By Jim Edwards | Nov 10, 2008

ah_color_photo.jpgWith a new president and a Democrat-controlled Congress, lobbyists are already contemplating a scenario in which the drug business either loses or gives up the right to advertise its products to consumers. Such a move would be dramatic, ending a brief, wild decade of animated toenail fungus monsters and warnings of four-hour erections on TV. But companies may have to do it in order to fight larger battles over reimportation, and pill manufacturing in uninspectable foreign factories.

BNET had a conversation with Adonis Hoffman, legal counsel to the American Association of Advertising Agencies. Hoffman attended the board meeting of the AAAA in which President-elect Barack Obama’s new chief of staff, Rahm Emanuel, suggested that Congress should consider whether the pharma business should keep its tax deductibility of R&D and advertising expenses.

I asked him for details of the conversation with Emanuel, and Hoffman volunteered that as Pharma would likely be on the defensive for the next few years the business may consider giving up the right to advertise as a tactical move to preserve its other privileges and protections. (In fact PhRMA is already drawing up new voluntary rules that will further restrict drug companies’ advertising.)

BNET: How did the subject of ending tax deductibility for drug advertising come up with Rahm Emanuel?

Adonis Hoffman: In response to an earlier question he had talked about drug advertising. He said, everything’s on the table for your industry, and that means deductibility

BNET: Have you heard any other Congress member or administration official say anything like that?

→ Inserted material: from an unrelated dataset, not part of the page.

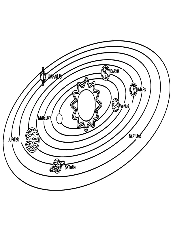 Coloring description : Download Printable Solar System’s Planets around the Sun Coloring Page
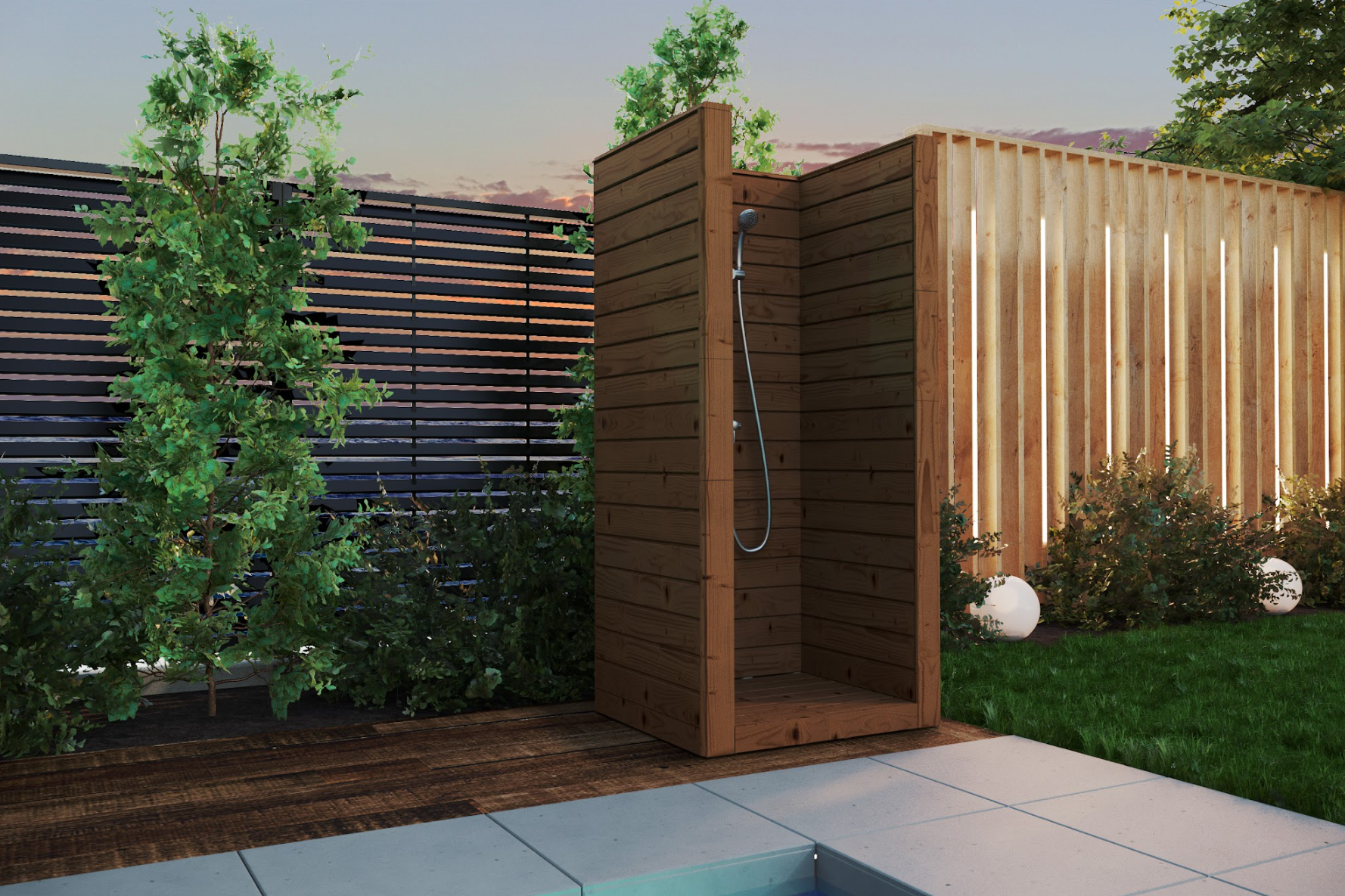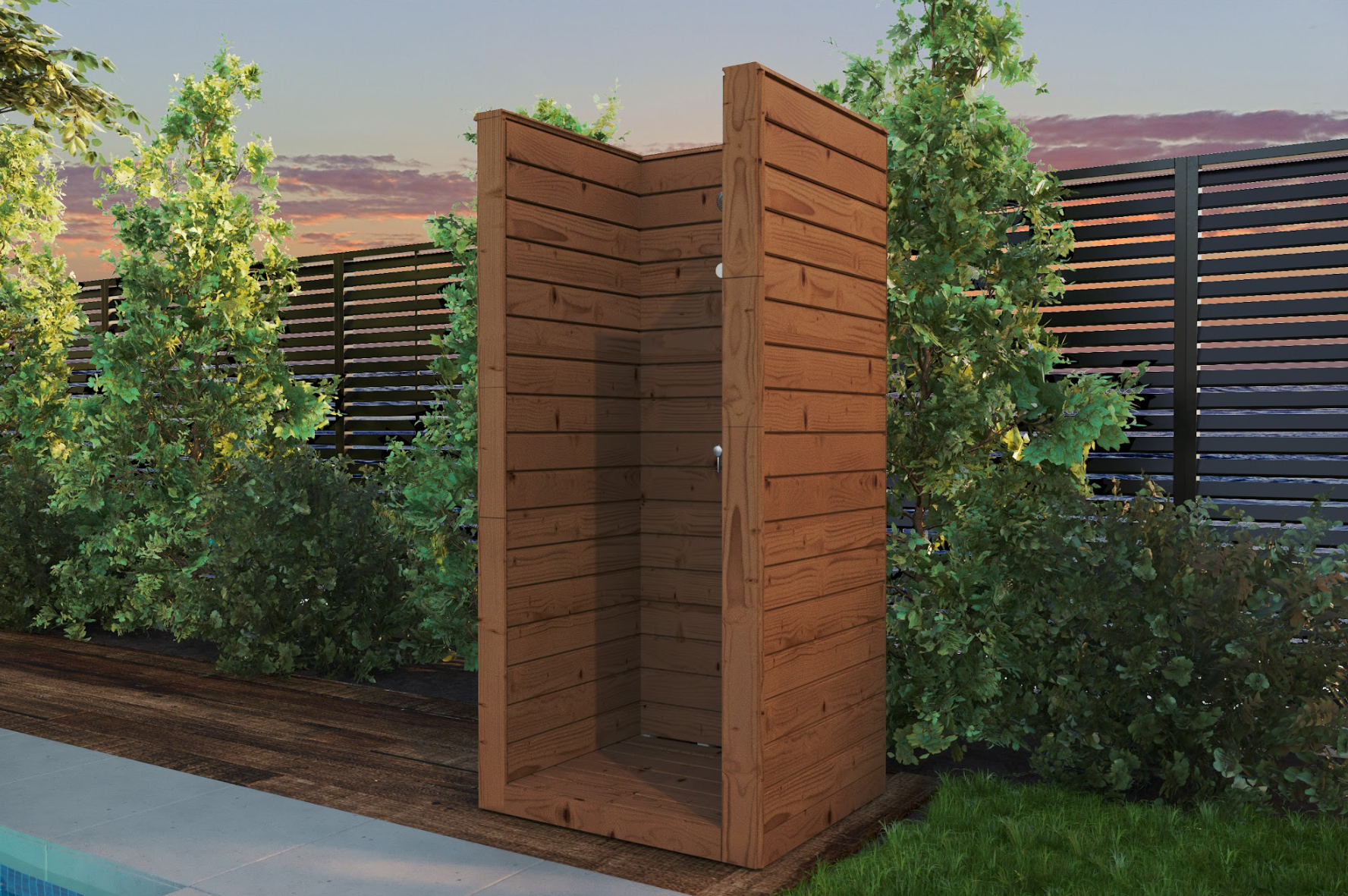 Prysznic VD03 to wolnostojący prysznic ogrodowy w kształcie litery „L" z drewna zabezpieczonego przed wilgocią lub kompozytu premium. Zabudowana konstrukcja zapewnia intymność podczas kąpieli. Idealny jako uzupełnienie sauny ogrodowej, basenu lub bali.

Hoffman: Nothing as specific and pointed as that. It was quite sobering for an audience of marketers and advertising people. There’s a been a distinction between the amount spent of R&D and the amount spent on advertising and marketing, people say companies spend more on advertising — it’s not true. But you get this R&D piece and you also get this advertising expenditure. Rahm’s point was, in an era where revenue raising is an objective we would look at that and force companies to make a choice, deductibility of R&D or advertising.

BNET: Do you think Congress will look at this when it gets to healthcare reform?

Hoffman: Whenever you open that box you get to DTC advertising. It may not happen in the first 60 days but down the road when Congress gets organized. Once it’s settled in and they get down to work — and it’s not an election year.

BNET: But now Emanuel is not a legislator. As Obama’s chief of staff this has got to be much further down his agenda, behind the Iraq war and the economy.

Hoffman: I would think it’s much further down. He’s got a lot on his plate

BNET: Are you guys going to fight Obama if he comes after DTC deductibility?

Hoffman: We could challenge that on First Amendment grounds. There’s a line of cases that cut in our favor. It becomes a losing battle on the part of Congress - who wants to fight that battle? Pharmaceutical companies could decide it would be in their best interests not to pursue this DTC battle because they have larger battles to fight, such as reimportation, foreign manufacturing, and intellectual property. They could say, ‘We don’t want to fight that battle, here, we’ll give this up.’ Whether it’s self-regulation or not in essence it will do away with the category.

BNET: That would be very dramatic, if DTC ads just came to an end.

Hoffman: It would probably slip away. I don’t think it would be here today and gone tomorrow. If they don’t want to fight the regulatory battle they may not even bother. Couple that with the approval process and DDMAC and you get a situation which makes it impossible to continue. Rep. Rosa L. DeLauro (D-Conn.) wants additional language in drugs ads on TV, so it becomes a revenue issue as well. You’ve got a small group of big obstacles that make it impossible to go forward. They might want to reinvest those dollars into other forms of marketing.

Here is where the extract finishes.